▶ TASK ITEM: Below are some records; output exactly the lines from the line with "Столовая вилка из" to the line with "- Oversized pullover", both ends kept, and nothing more.

▶ AVAILABLE RECORDS:
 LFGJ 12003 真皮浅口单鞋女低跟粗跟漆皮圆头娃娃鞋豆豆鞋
---
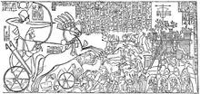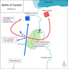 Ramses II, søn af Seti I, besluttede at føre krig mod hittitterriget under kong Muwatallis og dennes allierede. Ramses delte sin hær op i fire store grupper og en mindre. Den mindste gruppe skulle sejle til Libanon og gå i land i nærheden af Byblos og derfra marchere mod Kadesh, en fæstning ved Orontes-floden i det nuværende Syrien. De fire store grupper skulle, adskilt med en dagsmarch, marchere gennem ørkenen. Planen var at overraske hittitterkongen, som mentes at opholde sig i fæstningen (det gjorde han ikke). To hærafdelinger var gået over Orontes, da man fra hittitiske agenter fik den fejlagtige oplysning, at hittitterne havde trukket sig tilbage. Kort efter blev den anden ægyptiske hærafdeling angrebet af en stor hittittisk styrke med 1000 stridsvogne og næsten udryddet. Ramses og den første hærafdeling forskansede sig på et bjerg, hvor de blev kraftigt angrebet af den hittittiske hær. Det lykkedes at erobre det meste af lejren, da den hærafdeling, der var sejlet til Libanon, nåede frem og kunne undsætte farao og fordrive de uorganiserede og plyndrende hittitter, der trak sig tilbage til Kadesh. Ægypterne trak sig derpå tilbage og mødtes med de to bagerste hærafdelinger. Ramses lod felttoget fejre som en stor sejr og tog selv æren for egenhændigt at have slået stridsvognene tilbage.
* * *
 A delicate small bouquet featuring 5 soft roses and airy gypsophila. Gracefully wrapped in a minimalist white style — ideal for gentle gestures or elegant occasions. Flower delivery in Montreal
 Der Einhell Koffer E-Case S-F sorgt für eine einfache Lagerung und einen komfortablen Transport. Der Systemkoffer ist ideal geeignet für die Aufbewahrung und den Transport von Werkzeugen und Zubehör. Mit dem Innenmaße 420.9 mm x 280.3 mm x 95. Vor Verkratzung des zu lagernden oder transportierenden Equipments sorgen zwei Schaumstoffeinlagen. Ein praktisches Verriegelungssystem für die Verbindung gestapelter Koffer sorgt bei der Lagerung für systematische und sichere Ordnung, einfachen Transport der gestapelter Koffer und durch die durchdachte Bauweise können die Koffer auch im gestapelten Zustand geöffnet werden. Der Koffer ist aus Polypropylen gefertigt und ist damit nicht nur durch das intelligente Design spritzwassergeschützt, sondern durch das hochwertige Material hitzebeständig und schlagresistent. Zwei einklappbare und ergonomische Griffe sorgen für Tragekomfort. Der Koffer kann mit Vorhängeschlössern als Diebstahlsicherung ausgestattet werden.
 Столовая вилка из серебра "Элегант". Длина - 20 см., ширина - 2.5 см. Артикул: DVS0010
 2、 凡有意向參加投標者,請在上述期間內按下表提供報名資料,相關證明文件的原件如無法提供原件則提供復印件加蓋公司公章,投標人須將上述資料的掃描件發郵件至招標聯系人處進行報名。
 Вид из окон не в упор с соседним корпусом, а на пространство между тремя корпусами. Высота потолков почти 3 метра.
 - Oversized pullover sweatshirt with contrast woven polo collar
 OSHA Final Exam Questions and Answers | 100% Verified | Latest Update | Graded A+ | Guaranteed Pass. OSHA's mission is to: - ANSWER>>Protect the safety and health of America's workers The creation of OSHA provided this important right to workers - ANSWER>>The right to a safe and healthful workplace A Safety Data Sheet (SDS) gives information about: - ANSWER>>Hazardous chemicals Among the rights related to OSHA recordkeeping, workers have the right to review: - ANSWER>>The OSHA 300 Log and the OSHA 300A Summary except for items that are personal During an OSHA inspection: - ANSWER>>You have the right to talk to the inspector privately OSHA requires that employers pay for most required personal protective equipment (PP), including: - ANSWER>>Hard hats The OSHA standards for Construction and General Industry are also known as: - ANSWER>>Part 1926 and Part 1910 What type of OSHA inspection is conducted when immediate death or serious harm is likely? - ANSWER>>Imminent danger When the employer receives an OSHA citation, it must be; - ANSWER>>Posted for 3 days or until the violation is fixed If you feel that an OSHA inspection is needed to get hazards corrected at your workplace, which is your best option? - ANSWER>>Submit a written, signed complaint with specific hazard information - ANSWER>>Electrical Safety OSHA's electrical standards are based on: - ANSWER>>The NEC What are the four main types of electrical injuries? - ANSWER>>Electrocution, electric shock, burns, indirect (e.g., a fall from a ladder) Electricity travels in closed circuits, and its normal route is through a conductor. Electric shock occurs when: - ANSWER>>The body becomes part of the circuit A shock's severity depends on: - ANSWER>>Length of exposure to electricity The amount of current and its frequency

▶ OUTPUT FOR THIS EXERCISE:
 Столовая вилка из серебра "Элегант". Длина - 20 см., ширина - 2.5 см. Артикул: DVS0010
 2、 凡有意向參加投標者,請在上述期間內按下表提供報名資料,相關證明文件的原件如無法提供原件則提供復印件加蓋公司公章,投標人須將上述資料的掃描件發郵件至招標聯系人處進行報名。
 Вид из окон не в упор с соседним корпусом, а на пространство между тремя корпусами. Высота потолков почти 3 метра.
 - Oversized pullover sweatshirt with contrast woven polo collar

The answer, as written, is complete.